[INFORMATION PROVIDED]:
* * * * * * *

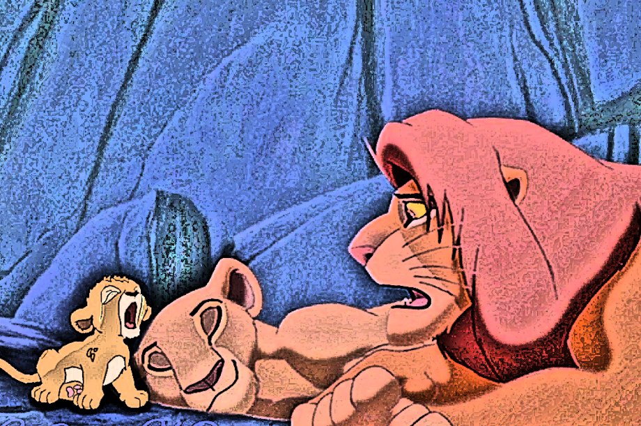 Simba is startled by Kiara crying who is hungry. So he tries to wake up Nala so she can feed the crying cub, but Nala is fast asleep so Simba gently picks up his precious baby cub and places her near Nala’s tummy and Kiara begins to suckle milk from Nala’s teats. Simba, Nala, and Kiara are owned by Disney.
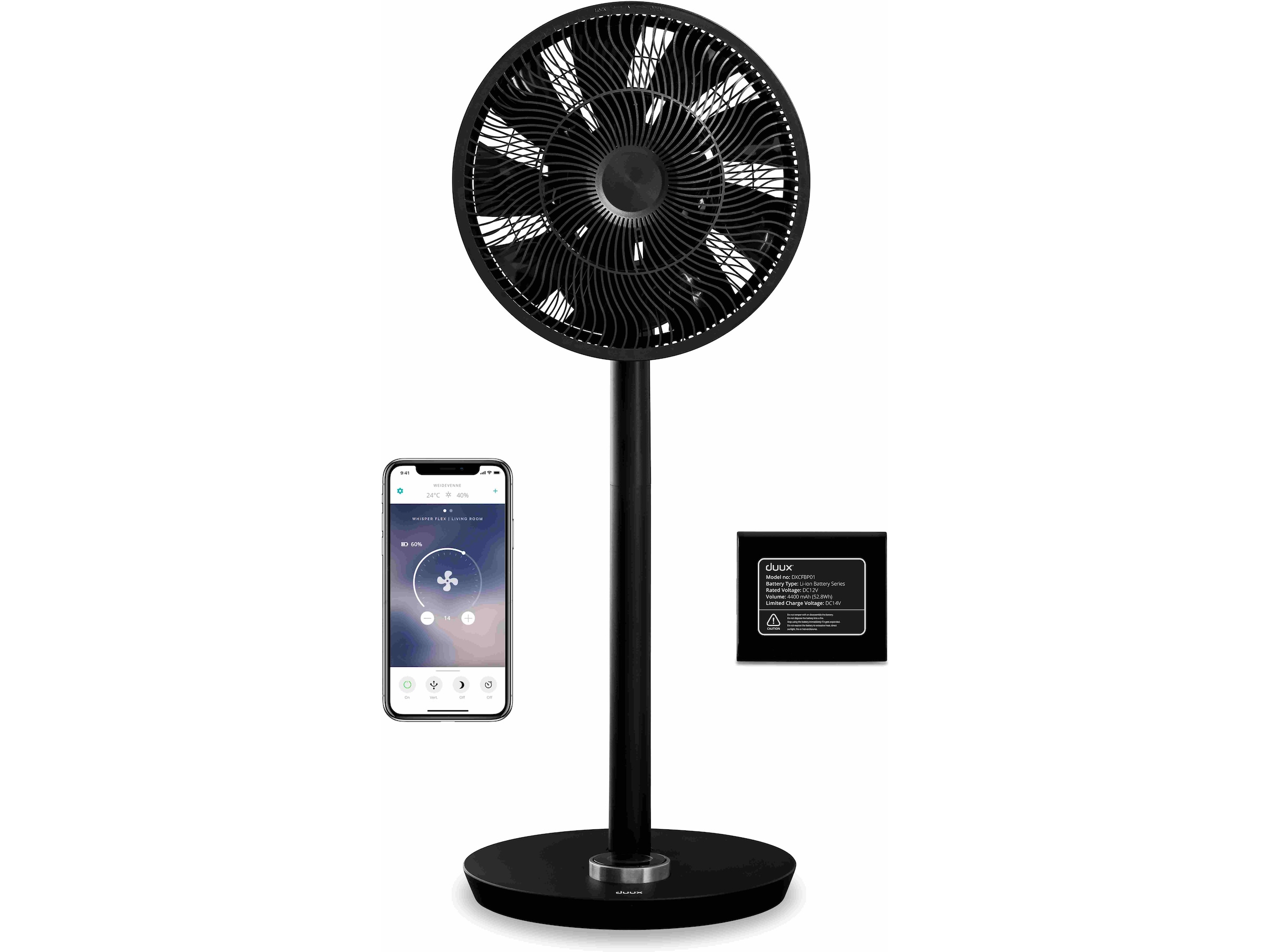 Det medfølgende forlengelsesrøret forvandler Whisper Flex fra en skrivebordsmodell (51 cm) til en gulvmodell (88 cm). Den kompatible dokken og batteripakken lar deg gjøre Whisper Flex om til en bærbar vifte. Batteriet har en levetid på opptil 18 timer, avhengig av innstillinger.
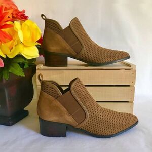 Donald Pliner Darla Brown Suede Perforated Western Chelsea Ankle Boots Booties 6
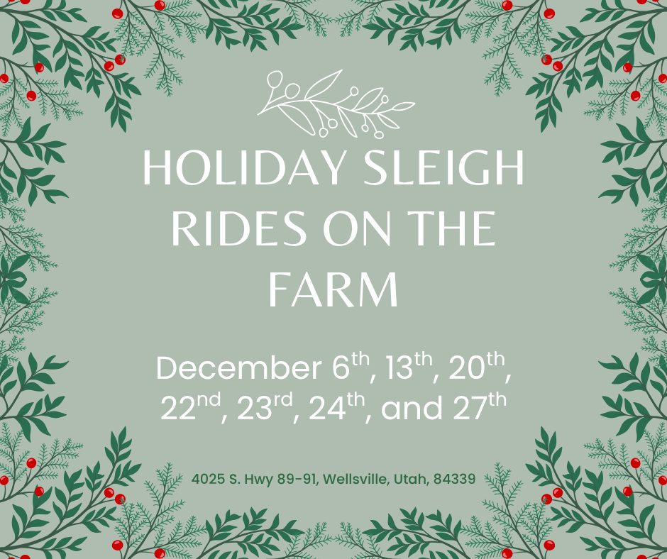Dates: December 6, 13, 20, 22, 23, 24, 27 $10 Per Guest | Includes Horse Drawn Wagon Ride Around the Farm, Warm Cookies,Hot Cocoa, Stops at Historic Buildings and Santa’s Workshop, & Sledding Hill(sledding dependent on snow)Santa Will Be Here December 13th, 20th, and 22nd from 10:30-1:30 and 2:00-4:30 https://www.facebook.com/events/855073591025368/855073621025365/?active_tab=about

* * * * * * *

[WHAT IS EXPECTED]: The answer must be an exact copy of the lines from the one with "Donald Pliner Darla" through the final line above, both ends included, and nothing else; pictures stay out.

[SOLUTION FOR THIS PROBLEM]:
 Donald Pliner Darla Brown Suede Perforated Western Chelsea Ankle Boots Booties 6
Dates: December 6, 13, 20, 22, 23, 24, 27 $10 Per Guest | Includes Horse Drawn Wagon Ride Around the Farm, Warm Cookies,Hot Cocoa, Stops at Historic Buildings and Santa’s Workshop, & Sledding Hill(sledding dependent on snow)Santa Will Be Here December 13th, 20th, and 22nd from 10:30-1:30 and 2:00-4:30 https://www.facebook.com/events/855073591025368/855073621025365/?active_tab=about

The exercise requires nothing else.